# Scouting For Girls



## strange_too (Feb 19, 2007)

I just thought I would share this with everyone scouting for girls it's my cousin Peter's band, he's the drummer.

They are currently 19th in charts and are in the process of a University tour. The debut album out later this month.


----------



## Running_man (Dec 2, 2005)

strange_too said:


> I just thought I would share this with everyone scouting for girls it's my cousin Peter's band, he's the drummer.
> 
> They are currently 19th in charts and are in the process of a University tour. The debut album out later this month.


I've heard them mentioned a lot on XFM Manchester but always seem to miss them. I'll make a point of keeping an ear out for them. You must be proud!


----------



## strange_too (Feb 19, 2007)

Yeah, it's a good feeling and it makes me feel old too.

I remember he was talking about they weren't doing too bad at his Granddad's funeral a year ago and now they are in the charts.


----------



## jasonm (Nov 22, 2003)

Im sure theyve had some Radio 1 airtime too....









That wont mean much to some people, but yes, there is a Radio 1


----------



## jasonm (Nov 22, 2003)

The lads are doing OK arnt they Howard 

Good on 'em


----------



## blackandgolduk (Apr 25, 2005)

They are and I have to say that I like them a lot - have done since they came to my attention a good few months back


----------



## mrteatime (Oct 25, 2006)

heard a bit about them on XFM london, (and R2







)


----------



## Stanford (Feb 10, 2007)

My daughter introduced me to their music a few months ago - they are really good, sound like real musicians (I got the album







).

She isn't infallable, though - she also suggested I might like the Hoosiers - not my cup of tea


----------



## blackandgolduk (Apr 25, 2005)

I quite like The Hoosiers too, but you're right SFG have a very nice sound.


----------



## mjolnir (Jan 3, 2006)

I must have missed this when you first posted it Howard.

The 710 really likes them, although I'm not sure if that's a good thing or not


----------



## Mrcrowley (Apr 23, 2003)

strange_too said:


> I just thought I would share this with everyone scouting for girls it's my cousin Peter's band, he's the drummer.
> 
> They are currently 19th in charts and are in the process of a University tour. The debut album out later this month.


Another claim to fame! Sort of









Got their CD for my birthday. Despite being a metal head I like it v much.


----------



## strange_too (Feb 19, 2007)

mjolnir said:


> I must have missed this when you first posted it Howard.
> 
> The 710 really likes them, although I'm not sure if that's a good thing or not


I posted this in September Rob, before you came here.
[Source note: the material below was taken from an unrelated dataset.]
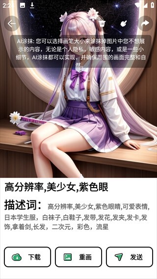 4、等待完成后就能看到ai创作画作,如下图,她就是以上描述出来的画作,是不是很神奇,可以下载至手机或是重画;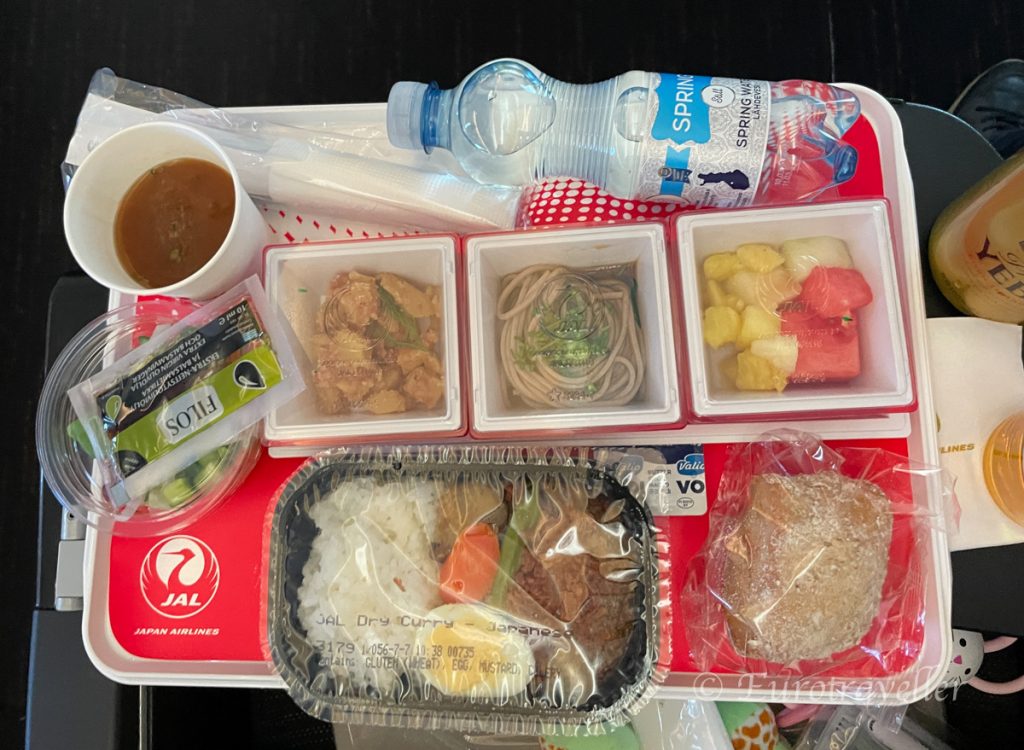 食事はCAの方が全乗客から希望を聞いた上で配膳するスタイルで、カートを使って各席をまわるというような通常での対応とは異なるものでした。

It's a bit light for me, but my nephew likes them.

They are doing really well, so I'm as chuffed as nuts. They are in the studio working on the new album at the moment. The tour has sold out and they are doing the Radio 1 thing at Mote Park.


----------



## pg tips (May 16, 2003)

just caught them on TMF (I was hopping, not a channel I normally dwell on) with "Heartbeat".

I really like their stuff :yes: and so does my 9 year old h34r: I think using the word "arse" in the lyric appeals to her!


----------



## bunchie32 (Jun 27, 2008)

i can't stand their music, but fair play to them for their success.


----------



## mel (Dec 6, 2006)

Good Luck to them, been there, done that, got the tee shirt as they say - have to admit though I took entirely the "wrong" meaning from the title of the post - I'm deff getting old :lol: :skirt:


----------